OSHA Contemplating Change to Shipyard Hazards Standard

Posted by
Lance Roux
on Sep 12, 2016

Aerial view of Salvador City in Bahia, BrazilThe Shipyard Hazards Standard (29 CFR 1915) is beginning to get some attention from OSHA, rather predictably, since the standard hasn’t seen a major revision in about 35 years.  While some major revisions have included the incorporation of consensus standards, there’s no clear strategic that’s apparent, but it doesn’t appear that options have been removed from the table.

In the RFI issue on September 8th, it appears that OSHA is considering the following actions:

  • Revising and updating 1915 with respect to slip, trip, and fall hazards;
  • Improving the consistency of 1915 with 1910 (General Industry) and 1926 (Construction);
  • Incorporating improved technology and best practices, while sunsetting outdated parts of the code; and,
  • Separation of the subpart E standards into three different subparts.

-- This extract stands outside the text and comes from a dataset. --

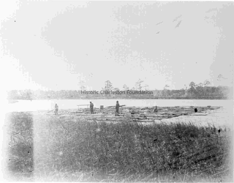 B&W photograph of four men rafting on Wappoo Cut, Wappoo Creek, St. Andrews.Collection

35 years seems like a long time to ignore safety regulations in a high-risk sector like shipyard, but there are three specific aspects that are driving the push for improvement:

  • Slips, Trips, & Falls

Despite improvement of equipment and the publishing of consensus standards such as the ANSI Z359 family, people who work in shipyards are continuing to get injured, sometimes severely, and at times to the point where they are killed.  We know that falls, especially those to lower levels, continue to remain on OSHA’s top-ten list of reasons for workplace fatalities.  Despite targeting efforts through safety stand-downs and the Focus Four program for construction, employers’ are having a difficult time drawing down those numbers.

  • Inadequate Coverage

If Federal regulations weren’t difficult enough already, there’s a significant amount of crossover and differentiation between 1915, 1910, and 1926.  This leads to increased confusion, especially on the part of subcontractors (who happen to be at one of the highest levels of risk).  Different regulations for different phases of projects, different project locations, and different owner/operators compound this confusion.

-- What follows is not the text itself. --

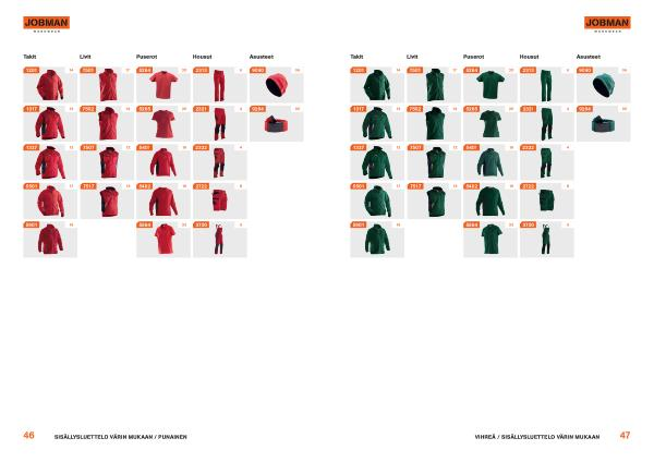 47 17 14 12 13 20 20 19 19 23 6 4 4 8 5 36 36 14 13 12 17 16 5501 5901 1201 1327 1317 7501 7502 7507 7517 5264 5265 5402 5564 5401 2313 2322 2321 2722 3730 9040 9284 Asusteet VIHREÄ / SISÄLLYSLUETTELO VÄRIN MUKAAN Housut Puserot Livit Takit

For instance, fall protection standards are different depending on which OSHA rule applies.  For General Industry fall protection starts at 4’, while for construction 6’ is the rule.  In maritime or shipyard, and depending on rule application, it can be either 4-5’.  Some companies adopt the most stringent form of protection at 4’, but depending on the design basis for the project, this can add complications.  Regardless of the statute, one must still consider the General Duty Clause.

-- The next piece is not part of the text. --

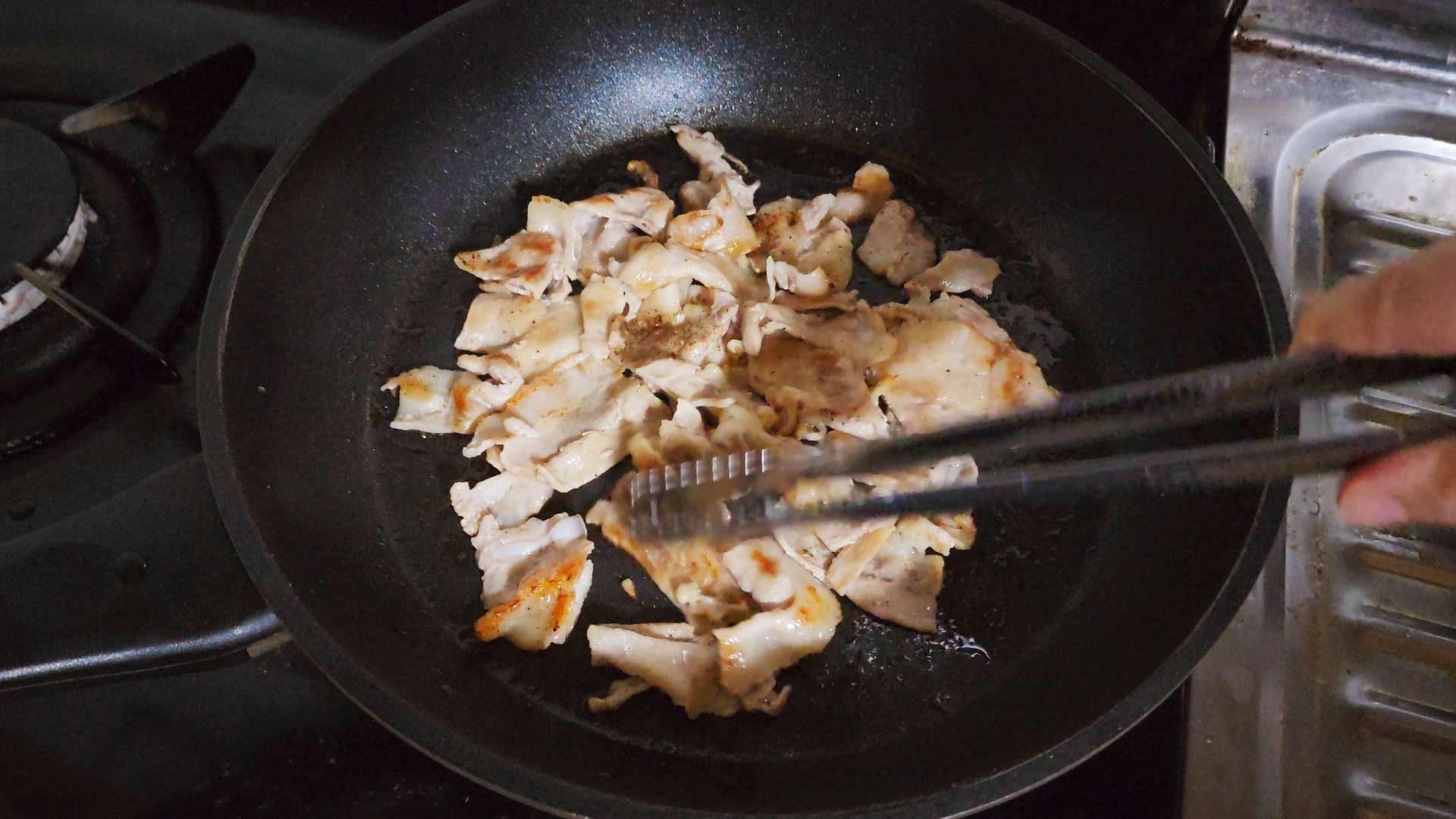 고기가 익으면 한 입 크기로 잘라주고 팬 가운데로 모아줍니다.

  • Haven’t Kept Pace with Technology

If there’s one thing that has changed in 35 years, it has been technology, which has grown in size and speed on an exponential scale.  Improvements in materials, engineering, and production methods have brought us not only safer personal protective equipment, but also safer construction and building materials that can address some risks through application of the higher order hierarchy of controls.

Additionally, improvements in the developments of consensus standards (e.g. Z359 Fall Protection standards, Z590.3 Prevention through Design) allow us to create safer environments and assist engineers with adapting the work to the human (think ergonomics and human factors) versus increasing risk and complexity by poor design.

At this point, moving forward is necessary, but so is your input to OSHA.  OSHA is requesting comments on improving conditions in shipyards, but it’s necessary to do it before the closing date of December 7, 2016.